As I believe I may have mentioned, I have a love-hate relationship with David Tennant’s onscreen performances.  I find him inexplicably, positively grating whenever he plays a protagonist.  (See 2011’s “Fright Might” remake, or his cringe-inducing stint as “Doctor Who.”)  But it seems to me that the man is absolutely fantastic when he plays a bad guy.  (See his frightening and hilarious role as Kilgrave the first season of “Jessica Jones” in 2015.)

“Bad Samaritan” (2018) thankfully presents us with the latter Tennant.  He musters an intensity with his eyes and his voice that are incongruous counterpoints to his innocent-looking face, and this makes him a damned good antagonist in a thriller.  (He is a highly organized, sociopathic kidnapper in this film.  I don’t think that’s much of a spoiler, as all of the film’s marketing make it clear.)  He’s a hell of a lot of fun to watch — and listen to.

With that said, “Bad Samaritan” is an average movie — not altogether bad, but not awesomely good, either.  (I suppose I’d rate it a 7 out of 10.)  It benefits a lot from another very good actor in Robert Sheehan as its anti-heroic young protagonist.  (The plot setup here is interesting — a mild-mannered burglar discovers a psychopath’s captive while in his house, then struggles with how he can help the terrified victim of a far worse criminal than he is.)  The movie’s biggest sin seems to be that it borrows heavily from comparable genre-defining works from the likes of Thomas Harris and James Patterson.  But it’s still an enjoyable enough movie in its own right.

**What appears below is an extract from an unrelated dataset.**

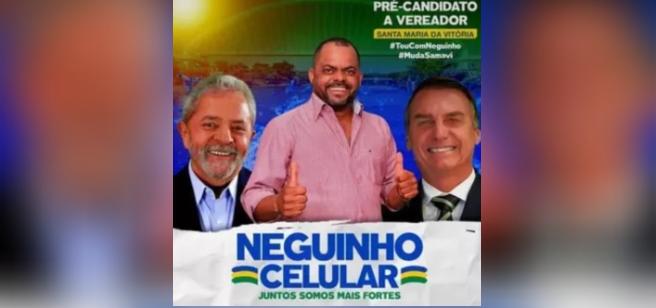 BAHIA| Nesta quarta-feira (26), o pré-candidato a vereador da Bahia, Marcos Henrique Barros Pereira, 37 anos, decidiu distribui santinhos virtuais com Luiz Inácio Lula da Silva (PT) e Jair Bolsonaro (sem partido) juntos para ganhar mais votos.

There’s someone else here that’s great fun to watch too — Kerry Condon as the kidnapee.  Her voice is amazing, and she’s a superb actress; I think she’s strong enough to carry another movie like this.  I just knew she looked familiar … it turns out she played Clara, the really weird woman that Rick found in the woods during Season 3 of “The Walking Dead.”  (He asks her the show’s signature “three questions.”)

She is also to voice of F.R.I.D.A.Y., Tony Stark’s on-board A.I. in several of Marvel’s “Avengers” movies.  Didn’t see that one coming.  Weird world.